Перенимать чужую логику — всегда трудный процесс. Зато есть шанс получить настоящий снимок другого ума, другой реальности. Об этом, кстати, говорил сам Эйзенштейн. Вспоминая, как пытался учить японский, режиссёр писал в тексте «Как я стал режиссёром»: «Труднейшее — не запомнить слова, труднейшее — это постигнуть тот необычайный для нас ход мышления, которым выстраиваются восточные обороты речи, построения предложений, словосочетания, словоначертания и т. д.».

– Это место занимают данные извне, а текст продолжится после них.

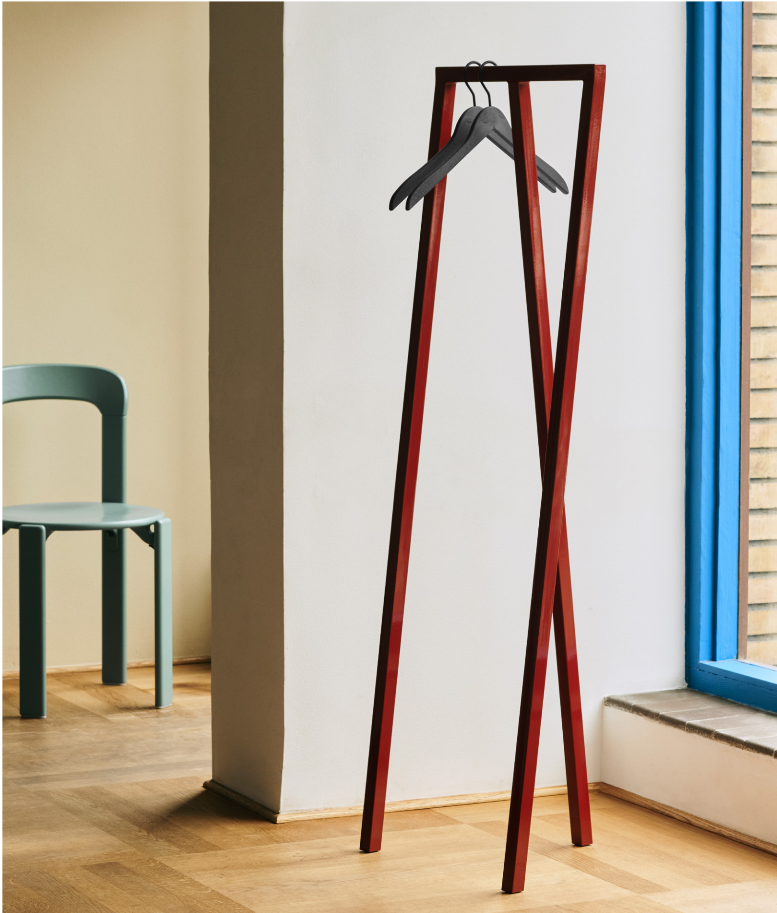
Loop Stand Hall | Maroon red powder coated steel
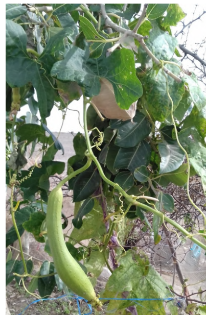
Bottle Gourd plant in Miru Suleiman Goth

Vegetable seeds have also been distributed amongst the students of Government Boys High School in Wayaro, Government Middle School in Ahora and TLC of Chib Sheikh on 14th August 2018. The goody bag provided to each student consisted of few sweets, national flag, badge, pencil and a packet of vegetable seeds. Brinjal, cucumber, spinach, coriander, turnip, carrot, bottle gourd, lady finger, lettuce, raddish and bitter gourd were the vegetable seeds given away.
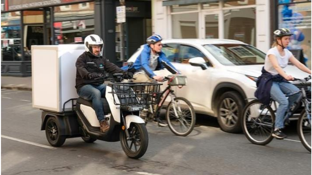
Photo: Vmoto electric 3-wheel vehicle, VS3, performing heavy duty delivery.

For the longer-term outlook, the trend towards EV products globally remains positive, where government policy is facilitating the continued electrification of the transport industry at large, including Vmoto's markets.
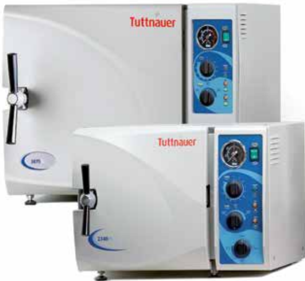
19/23 Liter Chamber Models
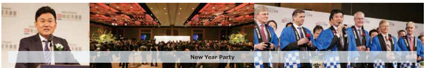
New Year Party

*Titles and positions are as of the date of the events
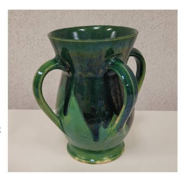
Jane Uhl 4 handled mug

Check out the pictures of the Convention and Happy Uhling Everyone!
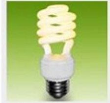
Energy Saving Tips
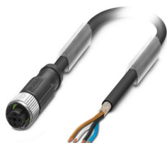
with VA knurl

Please be informed that the data shown in this PDF document is generated from our online catalog. Please find the complete data in the user documentation. Our general terms of use for downloads are valid.
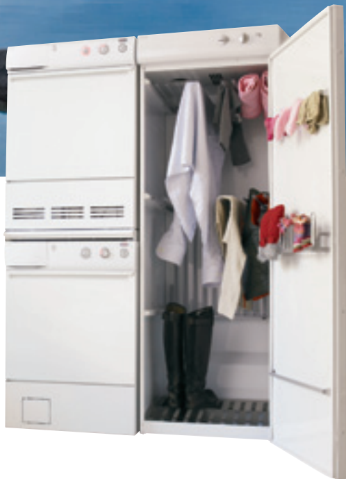
UltraCare Drying Systems Drying Cabinets, Vented & Ventless Dryer
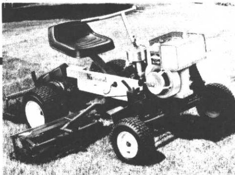
POWER QUINT II: PTO Driven 5-Gang. Highly maneuverable. Cutting units are interchangeable with, and the same as those made for Model 84 for over 30 years. Cuts an 11½-foot swath.
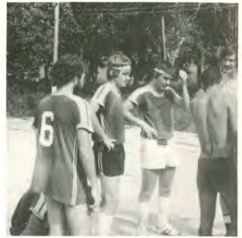
A break for football at the youth conference
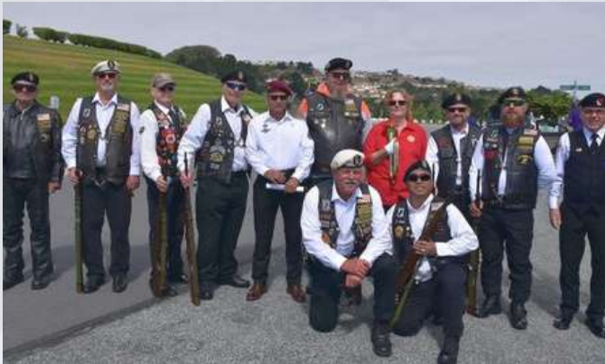
Riders & Sons at Golden Gate National Cemetery (GGNC) for Purple Heart Day 2022.

SONS OF THE AMERICAN LEGION & AMERICAN LEGION RIDERS. There is no shortage of volunteers when it comes to the Sons and Riders fulfilling weekly memorial missions for veterans. Their dedication (through rain or shine) is reflected in these numbers, from April through August. Many members qualify for both branches. Their efforts don't stop in miles; Sons and Riders have also raised funds for multiple causes.
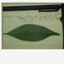
P5040059.JPG To'loch, Watery sap. Conejo Creek, Toledo
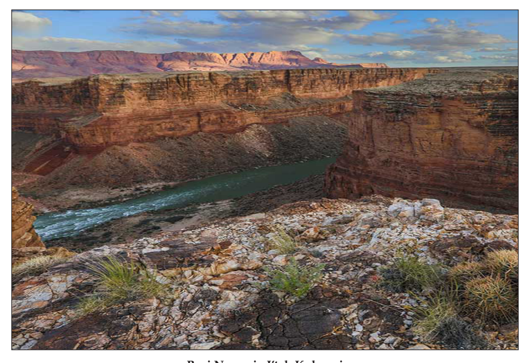
Baaj Nwaavjo I'tah Kukveni Ancestral Footprints of the Grand Canyon National Monument, Arizona
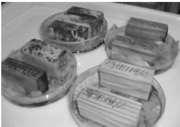
Fig. 3. Results of the biological durability test with Coniophore puteana of pine wood specimens with and without impregnation.

After leaching, the bio tests were performed to analyze the decay resistance effect of both impregnation agents (Table 4). The results of bio test study showed permanent decay resistance against fungi Coniophora puteana , Gleophyllum trabeum , Poria placenta of pine wood impregnated with rapeseed oil and boron compounds based emulsion. Tanalith E showed decreasing of fungal decay resistance in bio protection tests, which were performed after leaching of impregnation agents.

Вот и его биография могла стать чем-то таким: увлекательным учебником чужого языка, картой странного ума и странного времени. Вместо этого получилось сотворить такого Эйзена-лайт и ходить с ним по кругу, ища более или менее удачные аналогии с нашим днём, чтоб зацепить читателя узнаванием. Не забудем фантазии про нафталин и варенье. Будь они поострее, в стиле анекдотов Хармса («Когда Пушкин сломал себе ноги, то стал передвигаться на колёсах»), — могли бы сработать как дзен-буддийская пощёчина зрителю, на секунду выбивающая его из сна обыденности. Но недотягивают, остаются скорее чем-то приятно-салонным, буржуазным, нежели сталью и целлулоидом нового советского кино.

Читайте также:
Здесь ещё одна проблема «Эйзена»: рассказывая об одном из гениев и создателей авангарда, Яхина использует безнадёжно традиционную форму, нигде и никак не осмеливаясь всерьёз порвать с канонами и хотя б немного ввести читателя в измерение, которое творил Эйзенштейн.
Есть мем «книга лучше»: обычно экранизации литературы страдают от неудачного переноса текста на киноэкран. У обучавшейся на сценарном факультете Гузели Яхиной, кажется, вышло наоборот: книга «Эйзен» куда органичнее бы выглядела как кино или сериал, особенно в руках у умного режиссёра. Тут и весь буфф можно было бы сделать постраннее, и персонажей поэксцентричнее, и съёмки поавангарднее… Правда, раньше мы дождёмся фильма об Эйзенштейне Алексея Германа — младшего, не по сценарию Яхиной.
А пока наверняка станут больше пересматривать самого Эйзенштейна: как казачья конница балансирует на подвесных переходах в «Стачке», как Черкасов сверкает благородным оком в «Невском» и он же сверлит хищно — в «Грозном». Что ж, художественный роман — тоже культпросвет; спасибо, дорогие товарищи.